Scientists have sought to treat SCD through gene editing, which consists of correcting a defective gene by “overwriting” it with a healthy version, essentially editing its instructions for making a protein.

Disorders caused by a single gene — such as SCD, which is caused by mutations in the HBB gene — make ideal candidates for this approach. The HBB gene normally provides instructions for making a protein called beta-globin, a component of a larger protein called hemoglobin that carries oxygen to the body’s organs and tissue.

Preclinical studies have demonstrated the potential for gene editing in this context, although few candidate therapies have reached the clinical trial stage.

In SCD, gene editing approaches usually correct the faulty HBB gene, or introduce the fetal version of that gene, in hematopoietic stem cells — the stem cells that give rise to blood cells.

GreenLight, conversely, is developing gene-editing strategies that target mRNA. Rather than editing the gene within the cells’ DNA, this approach consists of delivering healthy copies of mRNA to the cells.
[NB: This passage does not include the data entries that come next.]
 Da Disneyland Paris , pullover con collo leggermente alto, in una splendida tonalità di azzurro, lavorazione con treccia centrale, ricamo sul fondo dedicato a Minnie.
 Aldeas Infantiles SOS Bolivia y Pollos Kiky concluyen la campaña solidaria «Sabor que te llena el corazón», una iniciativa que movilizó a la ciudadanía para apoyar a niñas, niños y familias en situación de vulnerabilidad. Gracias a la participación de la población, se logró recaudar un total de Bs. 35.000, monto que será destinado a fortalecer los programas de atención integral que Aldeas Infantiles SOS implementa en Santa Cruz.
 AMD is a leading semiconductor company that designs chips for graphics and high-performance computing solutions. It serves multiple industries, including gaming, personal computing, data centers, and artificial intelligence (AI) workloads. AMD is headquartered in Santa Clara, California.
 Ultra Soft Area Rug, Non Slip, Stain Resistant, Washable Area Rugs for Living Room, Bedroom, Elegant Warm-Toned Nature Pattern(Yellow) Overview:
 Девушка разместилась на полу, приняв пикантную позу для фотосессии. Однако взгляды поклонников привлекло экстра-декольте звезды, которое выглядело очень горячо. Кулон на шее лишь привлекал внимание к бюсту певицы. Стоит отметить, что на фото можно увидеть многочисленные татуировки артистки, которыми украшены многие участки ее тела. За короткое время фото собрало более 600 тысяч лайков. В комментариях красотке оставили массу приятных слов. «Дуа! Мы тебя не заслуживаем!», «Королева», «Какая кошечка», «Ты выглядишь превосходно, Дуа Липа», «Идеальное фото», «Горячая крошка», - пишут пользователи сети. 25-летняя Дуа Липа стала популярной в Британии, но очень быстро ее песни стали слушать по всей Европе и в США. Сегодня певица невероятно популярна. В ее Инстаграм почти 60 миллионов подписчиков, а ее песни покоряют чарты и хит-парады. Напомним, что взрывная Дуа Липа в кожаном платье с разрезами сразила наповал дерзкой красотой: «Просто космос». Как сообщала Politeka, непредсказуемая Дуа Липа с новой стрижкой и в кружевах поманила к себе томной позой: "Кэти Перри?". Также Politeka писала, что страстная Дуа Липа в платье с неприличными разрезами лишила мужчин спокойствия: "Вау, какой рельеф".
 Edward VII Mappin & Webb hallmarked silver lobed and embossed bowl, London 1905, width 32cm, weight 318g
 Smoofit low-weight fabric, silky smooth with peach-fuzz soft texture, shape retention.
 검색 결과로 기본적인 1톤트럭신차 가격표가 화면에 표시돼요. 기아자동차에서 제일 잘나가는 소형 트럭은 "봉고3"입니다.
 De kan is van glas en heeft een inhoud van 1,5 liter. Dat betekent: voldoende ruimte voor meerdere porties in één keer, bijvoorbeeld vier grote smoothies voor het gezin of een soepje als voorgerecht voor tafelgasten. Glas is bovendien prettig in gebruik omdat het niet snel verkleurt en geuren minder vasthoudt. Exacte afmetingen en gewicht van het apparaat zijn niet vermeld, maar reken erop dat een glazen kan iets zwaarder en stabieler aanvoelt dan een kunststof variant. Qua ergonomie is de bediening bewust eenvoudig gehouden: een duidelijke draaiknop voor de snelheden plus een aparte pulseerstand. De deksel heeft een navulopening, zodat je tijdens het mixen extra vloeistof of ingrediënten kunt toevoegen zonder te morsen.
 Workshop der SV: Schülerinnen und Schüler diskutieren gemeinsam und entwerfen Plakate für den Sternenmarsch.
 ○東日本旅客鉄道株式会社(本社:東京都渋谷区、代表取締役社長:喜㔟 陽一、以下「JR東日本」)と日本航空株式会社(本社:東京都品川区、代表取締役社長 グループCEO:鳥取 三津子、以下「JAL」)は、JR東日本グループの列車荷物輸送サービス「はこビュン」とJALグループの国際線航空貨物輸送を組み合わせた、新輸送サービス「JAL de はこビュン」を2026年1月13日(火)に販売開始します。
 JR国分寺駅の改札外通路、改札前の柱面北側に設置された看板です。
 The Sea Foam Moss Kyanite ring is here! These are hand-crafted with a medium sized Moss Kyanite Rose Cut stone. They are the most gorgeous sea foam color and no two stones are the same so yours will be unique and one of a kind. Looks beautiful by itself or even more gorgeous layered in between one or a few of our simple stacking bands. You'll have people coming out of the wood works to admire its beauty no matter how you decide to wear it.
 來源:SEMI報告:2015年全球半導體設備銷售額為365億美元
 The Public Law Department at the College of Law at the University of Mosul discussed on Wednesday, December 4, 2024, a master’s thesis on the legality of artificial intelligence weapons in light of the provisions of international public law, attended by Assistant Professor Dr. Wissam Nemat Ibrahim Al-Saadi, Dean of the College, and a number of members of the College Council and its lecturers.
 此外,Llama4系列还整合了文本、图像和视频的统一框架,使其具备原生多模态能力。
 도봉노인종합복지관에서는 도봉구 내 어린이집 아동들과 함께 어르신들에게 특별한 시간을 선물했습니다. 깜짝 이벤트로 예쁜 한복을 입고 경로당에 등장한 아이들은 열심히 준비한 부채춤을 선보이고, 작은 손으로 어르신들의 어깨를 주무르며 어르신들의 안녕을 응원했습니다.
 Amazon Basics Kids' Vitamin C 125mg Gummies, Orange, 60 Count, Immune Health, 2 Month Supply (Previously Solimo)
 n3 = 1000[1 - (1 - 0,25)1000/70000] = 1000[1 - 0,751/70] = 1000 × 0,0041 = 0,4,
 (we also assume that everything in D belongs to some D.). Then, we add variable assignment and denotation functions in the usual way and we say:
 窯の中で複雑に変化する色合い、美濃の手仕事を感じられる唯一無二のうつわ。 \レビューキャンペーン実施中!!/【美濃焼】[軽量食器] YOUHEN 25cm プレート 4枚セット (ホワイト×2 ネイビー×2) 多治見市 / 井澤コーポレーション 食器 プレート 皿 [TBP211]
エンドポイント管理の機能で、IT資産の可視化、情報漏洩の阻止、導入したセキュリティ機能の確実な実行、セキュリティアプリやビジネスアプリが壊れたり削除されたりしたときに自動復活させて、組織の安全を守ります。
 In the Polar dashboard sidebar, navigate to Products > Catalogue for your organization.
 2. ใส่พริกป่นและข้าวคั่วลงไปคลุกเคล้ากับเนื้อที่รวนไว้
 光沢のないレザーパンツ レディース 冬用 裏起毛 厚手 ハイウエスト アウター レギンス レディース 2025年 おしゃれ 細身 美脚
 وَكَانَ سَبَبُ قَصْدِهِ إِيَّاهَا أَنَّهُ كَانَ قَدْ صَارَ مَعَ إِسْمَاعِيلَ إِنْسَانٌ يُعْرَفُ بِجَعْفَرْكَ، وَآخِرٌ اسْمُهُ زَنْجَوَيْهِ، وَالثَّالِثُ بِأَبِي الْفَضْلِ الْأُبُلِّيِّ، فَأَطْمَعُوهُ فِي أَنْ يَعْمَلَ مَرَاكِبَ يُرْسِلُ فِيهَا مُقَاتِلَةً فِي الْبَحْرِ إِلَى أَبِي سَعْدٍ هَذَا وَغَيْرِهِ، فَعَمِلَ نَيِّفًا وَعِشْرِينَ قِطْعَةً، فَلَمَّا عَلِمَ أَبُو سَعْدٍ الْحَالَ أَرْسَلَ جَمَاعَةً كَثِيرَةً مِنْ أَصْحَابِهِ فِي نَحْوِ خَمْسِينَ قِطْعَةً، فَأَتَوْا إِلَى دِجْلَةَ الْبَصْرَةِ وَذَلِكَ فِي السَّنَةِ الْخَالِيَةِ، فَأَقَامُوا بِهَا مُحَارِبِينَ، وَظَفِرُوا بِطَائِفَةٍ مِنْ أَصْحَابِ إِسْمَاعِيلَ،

The cells then can use these healthy copies as a template for generating a functional version of the protein.

This technology is already being used to develop vaccine candidates for infectious diseases, such as COVID-19.

Unlike in gene editing-based medicines, patients require long-term treatment with mRNA strategies. However, since gene-editing technologies can change the DNA sequence in unwanted regions, the mRNA approach also comes with fewer risks.

Although GreenLight will initially pursue potential SCD cures, the company plans to expand into other diseases affecting underserved populations. One such patient group is individuals living with HIV in developing countries.

“Funders are recognizing the potential of our innovative approach to gene editing that, in combination with our proprietary RNA manufacturing capability, has the potential to deliver accessible gene therapies and improve human health globally,” said Marta Ortega-Valle, GreenLight’s senior vice president of human health and corporate development.

Once the company moves a validated therapy into clinical use, it plans to use its proprietary biomanufacturing platform to mass-produce affordable treatments.

“Finding a safe and effective therapy is critical, but equally important is the ability to produce it affordably for broader access,” Ortega-Valle said.

“That capability does not yet exist in the market, but GreenLight’s end-to-end, self-contained manufacturing platform aims to make that possible for all mRNA-based therapies and vaccines,” she added.